Говорил ли мне что-нибудь Даркур? Легко мамусе разглагольствовать о судьбе, как будто мамуся – ее пособница и орудие; мамуся, без сомнения, верила в свой мерзкий любовный напиток из молотых яблочных семечек и моей менструальной крови; мамуся принимала за данность силу этого снадобья, точно так же как Ози Фроутс – принципы научной методологии. Но я не могла признать возможность прямой связи между действиями мамуси и отношением ко мне, которое я начала улавливать у Даркура: это означало бы отвергнуть современный мир и признать либо фактор постоянных совпадений в повседневной жизни – а такие взгляды я презирала как подлинно современный человек, – либо то, что некоторые вещи случаются параллельно, словно идут по параллельным путям и время от времени освещают друг друга вспышками ослепительного света, как порою поезда в ночи. Для этого было модное слово: синхроничность. Но я не хотела об этом думать, я была ученицей Холлиера и хотела исследовать вещи и явления из мира мамуси как объекты изучения, а не как верования, которые нужно принять и жить по ним. Так что я старалась не обращать внимания на Даркура – насколько могла, будучи его ученицей и оставаясь в рамках вежливости.

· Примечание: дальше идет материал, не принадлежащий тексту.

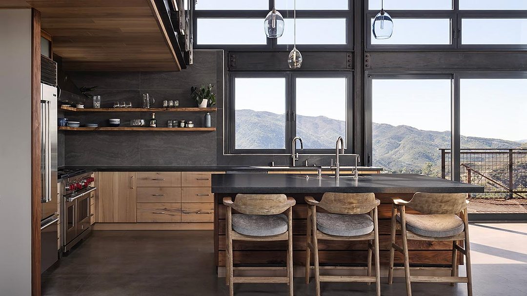 “We wanted an industrial, but comfortable, home that would take advantage of our views, but also be as fire-resistant as possible,” Jennifer Gonzalez said. “We eliminated a den, added some closet and storage space, and made the downstairs bedrooms a bit bigger. We worked tirelessly with the architect; we went to home shows; we watched home remodeling shows—all to tap into our own sense of what we wanted to achieve—a house that cannot only withstand fires and aggressive winds but also take advantage of the tremendous views of our location.”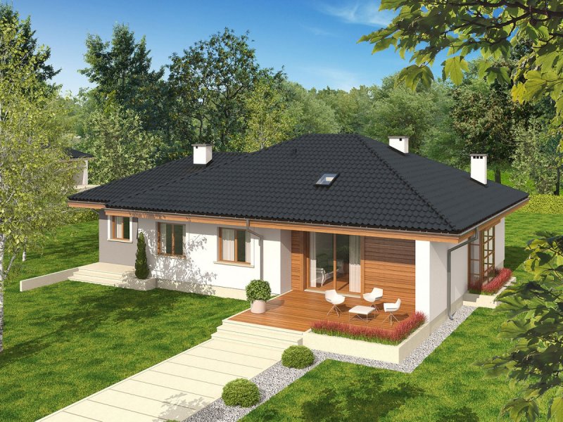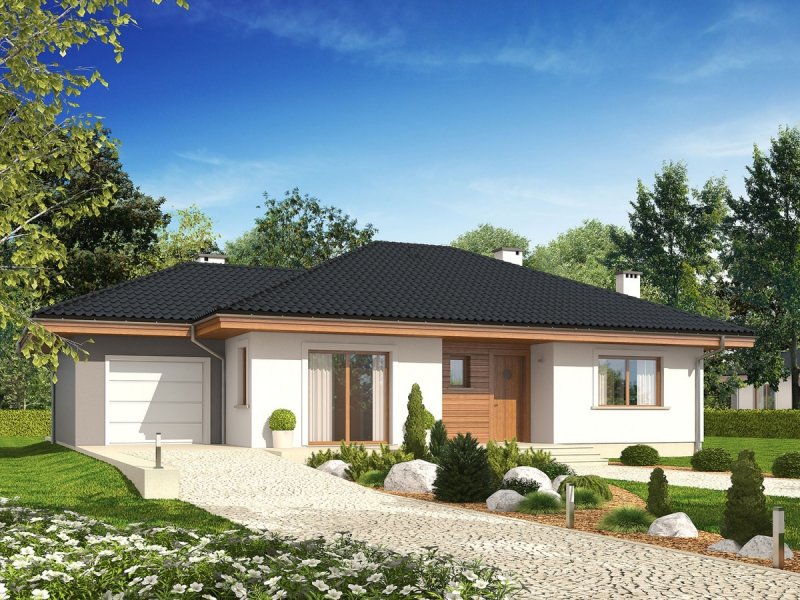 Franczi III G1 ECONOMIC (wersja A) to dom, który wyróżnia się przytulnym wdziękiem i klasyczną elegancją. Optymalna ilość perfekcyjnie rozplanowanych przeszkleń sprawia, że do wnętrza swobodnie przenika naturalne światło, które doskonale doświetla pomieszczenia wypełniając je blaskiem i przytulną atmosferą. Prosta konstrukcja w połączeniu ze sprawdzonym zestawem rozwiązań zapewnia domownikom codzienny komfort użytkowy.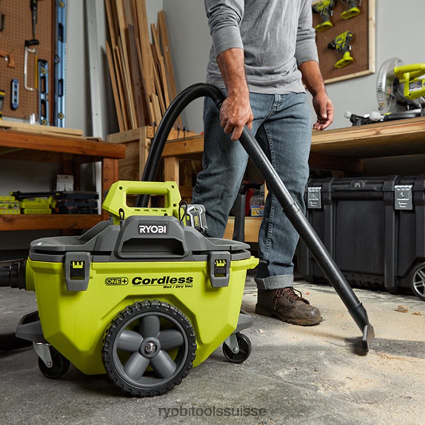 présentation du nouveau ryobi one+ 6 gal. aspirateur sec/humide. désormais, vous pouvez profiter des performances avec fil avec la commodité du sans fil. cet aspirateur a un puissant 80 cfm. la conception de roue multi-tailles sans pointe et la mobilité à 360 degrés maintiennent votre aspirateur équilibré lorsque vous roulez sur des cordons et des seuils. Le rangement intégré des accessoires contient facilement votre suceur plat, votre suceur de sol et vos rallonges, tandis que le support de tuyau offre une solution simple pour ranger votre tuyau lorsqu’il n’est pas utilisé. plusieurs poignées de transport permettent un transport facile, et le dessus amovible permet de vider la poussière, les débris et les liquides rapidement et sans gâchis. la conception compacte permet un stockage peu encombrant lorsqu’il n’est pas utilisé. Mieux encore, l’aspirateur eau/sec Ryobi One+ fait partie de la famille Ryobi One+ de plus de 100 outils.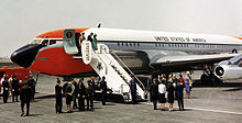 The original site, known as Llanos de Balbuena, had been used for aeronautical activities since 1910, when Alberto Braniff became the first to fly an aeroplane in Mexico, and in Latin America.[9][10] The flight was onboard of a Voisin biplane. On November 30, 1911, President Francisco I. Madero, was the first head of State in the world to fly onboard of a Deperdussin airplane piloted by Geo M. Dyott of Moisant International.[11][12] In 1915 the airport first opened as Balbuena Military Airport with five runways. Construction of a small civilian airport began in 1928. The first landing was on November 5, 1928, and regular service started in 1929, but was officially inaugurated on May 15, 1931. On July 8, 1943, the Official Gazette of the Federation published a decree that acknowledged Mexico City's Central Airport as an international airport, capable of managing international arrivals and departures of passengers and aircraft. Its first international route was to Los Angeles International Airport operated by Mexicana. Construction of Runway 05D-23I started six years later, as well as new facilities such as a platform, a terminal building, a control tower and offices for the authorities. The runway started its operations in 1951. On November 19, 1952, President Miguel Alemán opened the passenger terminal, which later became Terminal 1.[13]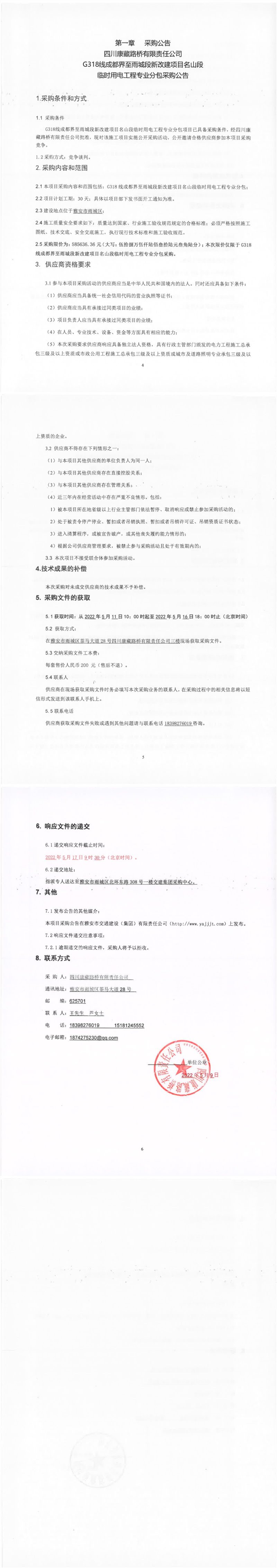 四川康藏路橋有限責(zé)任公司G318線成都界至雨城段新改建項(xiàng)目名山段臨時(shí)用電工程專業(yè)分包采購(gòu)公告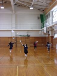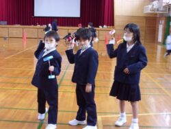 今日は、体育館で作ったおもちゃで遊びました。送風機を使って風を起こすと、「風車」や「かざわ(風を受けて回るおもちゃ)」がよく回り、子供たちは大喜びでした。「ストローひこうき」を作った子供たちは、友達と飛ぶ距離を競い合っていました。「凧」を作った子供たちは、思い切り走ると凧が高く揚がり、何度も走って楽しんでいました。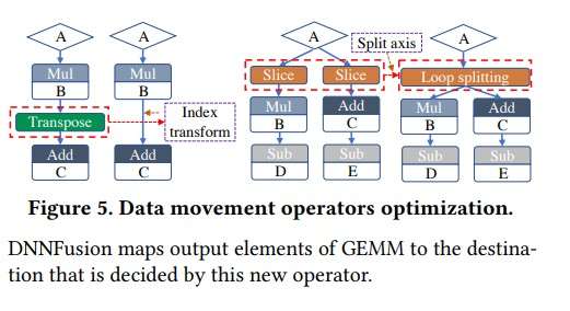 本文提出依据算子属性对算子合理的进行类别划分,按类型融合,具有更好覆盖性和融合识别能力,加速了计算。 模型命名为DNNFusion,主要包括三部分:1)代数化简部分,即将图层上的数学表达替换为更高效的模式 2)算子融合部分,依据自定义的类别划分和融合算法将1或多个算子融合成一个新算子 3)后续优化。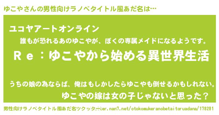 | 女子向けラノベタイトル風あだ名 | 『ゆこやストレイドッグス』 |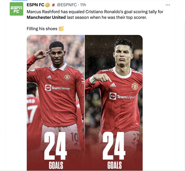 Marcus Rashford membukukan dua gol, membuat golnya musim ini sudah menyamai Cristiano Ronaldo musim lalu. Foto: Twitter
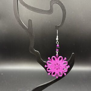 A nozzle dispenses PLA Filament at a high temperature to create a 3D print layer by layer. The print is created from the bottom up and details of this process can be seen in the finished product. If you look closely at our earrings, you may see lines that are indicative of the path the nozzle traveled to create the piece. Because of this, 3D Prints are NOT to be compared to mass or commercially produced plastic pieces. Each one is unique, susceptible to variation, and shows distinct signs of its creation process that we believe adds character and sacredness . Hope you enjoy my homemade jewelry.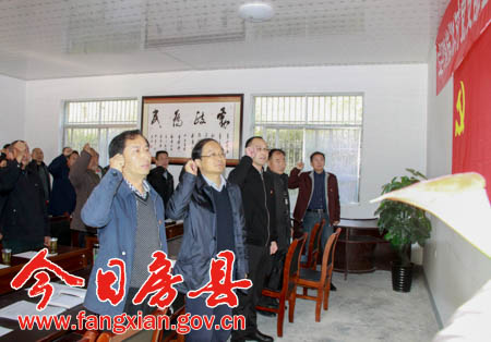“我志愿加入中国共产党,拥护党的纲领,遵守党的章程……”铿锵有力的入党誓词在山坳里回荡,指北村党支部主题党日活动正如期进行。县委书记、县人大常委会主任蔡贤忠与指北村23名党员一起重温入党誓词、集体诵读党章,并为全体参会党员讲党课。县领导付必久参加活动。“农村党员应该如何结合实际学习十八届六中全会精神?”蔡贤忠说,党的十八届六中全会释放出从严治党向基层延伸的强烈信号,村党支部和党员要以十八届六中全会精神为指导,讲奉献、敢担当、人干净、有作为,充分发挥党员先锋模范作用,团结带领群众积极投入到脱贫攻坚一线,聚焦精准扶贫建功立业。

Все было бы проще, если бы меня не тревожили мысли об измене Холлиеру. Я все еще любила его или, во всяком случае, хранила чувство к нему, которое за неимением лучшего слова называла любовью. Время от времени, когда мы с Холлиером обсуждали мою работу, он говорил что-нибудь открывающее мне глаза, и я вновь утверждалась в своей уверенности: он великий учитель, вдохновитель, открыватель новых путей. Но его одержимость бумагами Грифиуса, его слова о них и о Макварише, казалось, исходили от другого человека: бесноватого, неумного, тщеславного. Я уже перестала надеяться, что он хоть иногда думает обо мне с любовью; я притворялась, что готова играть роль терпеливой Гризельды и мириться с чем угодно, к вящей славе Холлиера, но другая девушка внутри меня уже вот-вот должна была сделать вывод, что моя любовь к Холлиеру – большая ошибка, что из нее ничего не выйдет и что мне лучше переболеть ею и начать думать о чем-нибудь другом. Я стыдилась этой женской практичности. Но могла ли я любить восставшего Каина?

«Все, что тебе нужно, – это любовник», – презрительно сказало мое ученое «я». «А что в этом плохого?» – отозвалась моя внутренняя женщина, по-цыгански крутанув бедром. «Если тебе нужен любовник, – сказал кто-то третий, которого я не опознала, – возможно, здравый смысл, – далеко ходить не надо: погляди на Даркура, на нем прямо-таки написано „ЛЮБОВНИК“ огромными буквами».

Да, но… «Что „но“? Тебе, кажется, нужен мятежный ангел, один из этих университетских обитателей, учредивших то, что Парацельс называет Вторым раем учености, готовых и желающих учить дочерей человеческих самым разным видам мудрости». Да, но Даркуру сорок пять лет, он полноват, и он священник англиканской церкви. «Он – ученый человек, добрый и, что совершенно очевидно, тебя любит». Я знаю, это устроило бы мое ученое «я», но цыганская девчонка во мне лишь хохочет и говорит, что это совсем не годится. Ну какая из меня жена священника? «Женщина-ученый – а ты надеешься кое-чего добиться в науке – самая подходящая жена для священника-ученого». Тут цыганка снова начинала хохотать. Я велела ей отправляться к черту; я не готова была признать (во всяком случае, пока), что мы с Симоном влипли в эту историю из-за приворотного зелья, но уж по крайней мере не собиралась терпеть цыганских насмешек. Ну и каша заварилась!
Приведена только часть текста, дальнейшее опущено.